Below is a listing; transcribe it exactly but without any images.

Dataset section
..........

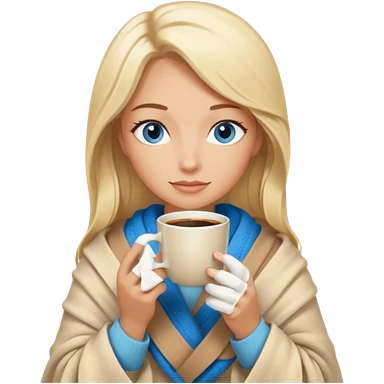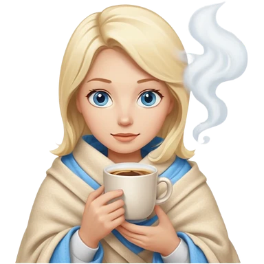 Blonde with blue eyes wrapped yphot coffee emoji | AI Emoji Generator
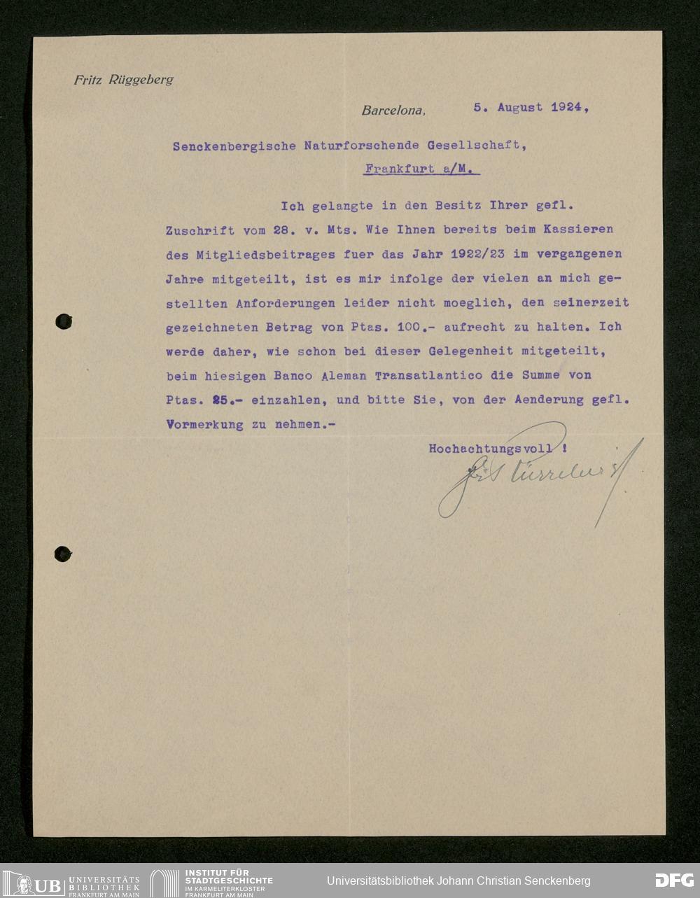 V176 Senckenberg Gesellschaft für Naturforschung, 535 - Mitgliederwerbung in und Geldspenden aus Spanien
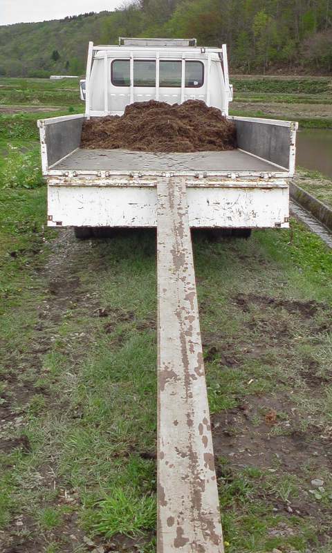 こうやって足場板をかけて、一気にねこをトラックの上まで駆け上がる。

..........

Solution for this exercise
 Blonde with blue eyes wrapped yphot coffee emoji | AI Emoji Generator
 V176 Senckenberg Gesellschaft für Naturforschung, 535 - Mitgliederwerbung in und Geldspenden aus Spanien
 こうやって足場板をかけて、一気にねこをトラックの上まで駆け上がる。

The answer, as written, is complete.